İsrail nüfus kayıt verilerine göre, ‘Güney Bölgesi’ yani Negev (Necef) çölünde 6 bin 680 çok eşli erkek var (AFP)
İsrail nüfus kayıt verilerine göre, ‘Güney Bölgesi’ yani Negev (Necef) çölünde 6 bin 680 çok eşli erkek var (AFP)
TT

İsrailli Bedevilerin çok eşlilik formülü ‘müsakene nikahı’

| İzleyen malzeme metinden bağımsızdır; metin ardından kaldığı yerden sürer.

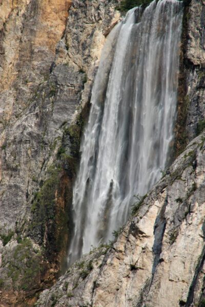 Vervolgens rij je terug naar Bovec en ga je door het kleine gezellige centrum naar de Slap Virje. Het weggetje naar de parkeerplaats wordt steeds smaller en twee auto’s langs elkaar gaat niet. Helaas voor ons dus één keer een stuk in z’n achteruit de berg af. Aangekomen bij de parkeerplaats betaal je €5,- voor 2 uur. De waterval is absoluut de moeite waard. Het geweldig groene water, genoeg bankjes om te picknicken en als de zon schijnt kun je makkelijk een duik in het koude water doen. Helaas voor ons is er opeens een enorme onweersklap en komt het water met bakken uit de lucht. Als we weer terug bij de auto zijn, zijn we helemaal doorweekt.

İsrail nüfus kayıt verilerine göre, ‘Güney Bölgesi’ yani Negev (Necef) çölünde 6 bin 680 çok eşli erkek var (AFP)
İsrail nüfus kayıt verilerine göre, ‘Güney Bölgesi’ yani Negev (Necef) çölünde 6 bin 680 çok eşli erkek var (AFP)

Rağde Atme
Yola saçılan eşyalarını toplayan Fatıma, ağlayarak İsrail’in güneyindeki Rahat şehrindeki evine komsu sokakta yaşayan ailesinin evine koşuyor. Eşi, 30’uncu doğum gününde kutlama ve partiler yapıp hediyeler almak yerine kendi deyimiyle, ‘ayır ayarlı’ bir hediyeyle ona sürpriz yapmayı tercih ederek, bir evlilik yapıp Fatıma’dan daha genç bir gelinle evine geldi. Ortaöğrenimini tamamlamak için yıllarca uğraşan ve hukuk okumaya can atan Fatıma, bu korkunç şoka katlanamayıp, yeni evli çifte hakaretler ve tokatlar yağdırdı. Ancak dakikalar sonra kendini yolun kenarında, burnundan ve dudaklarından kan sızarken buldu. 40 yaşındaki kocası onu 15 dakika boyunca şiddet uygulayarak vücudunda morluklar oluşmasına neden oldu. Onu ve kıyafetlerini sokağa atarak ona “Bu gece benim gecem. Balayım sona erdikten sonra kendi kendine geri döneceksin” dedi.

Hapis ve para cezası
Fatıma'nın aşağılanma duygusundan dolayı yüreğini yakan hüzün, ailesinin; eşinin başka bir kadınla ilişki kurmasının ‘kendisinin hatası olduğunu’ ifade ederek boşanma fikrini kesin olarak reddetmesi üzerine bir öfkeye dönüştü. Babası, erkeklerinin çoğunluğunun çok eşli olduğu bir Bedevi kabilesinde dünyaya gelmiş ve yetişmişken, aksi nasıl düşünülebilirdi? Bu, İsrail'de çok eşliliğin 1977'den beri yasadışı olmasına rağmen gerçekleşti. Bu gelenek, yasalarca cezalandırılabilir bir suç haline getirildi. Çok eşliliğe 5 yıla kadar hapis ve para cezası uygulanıyor.
Kendisi ve ailesini korumak için soyadını paylaşmayan Fatıma, Şarku’l Avsat’ın Independent Arabia’dan aktardığı açıklamada, ilk eşin ayıplama kültürü yüzünden boşanamadığını, yine aynı sebepten yeniden evlenemediğini ifade etti. Hakaret veya şiddete maruz kalabilen ilk eşin, erkeğin ona geri dönme kararı ihtimaline karşı, ulaşılabilir durumda kalması gerektiğini söyledi. Fatıma, “Bedevi toplumlarında, bir adam evlenir ve çocukları olur. Sonra başka bir eş getirmeye karar verir, ilk eşini parasız, diplomasız veya kendini ve çocuklarını geçindirmek için geçim kaynağı olmadan bırakır. Tüm suç, Bedevi kadınlarının içinde bulunduğu kötü durumu gören ve kanun yaptırımlarını katı bir güçle görmezden gelmeye son vermeyen toplumda. Bedevi kadınlar, Bedevi toplumunda yaygın olan çok eşlilikten muzdarip durumda” şeklinde konuştu.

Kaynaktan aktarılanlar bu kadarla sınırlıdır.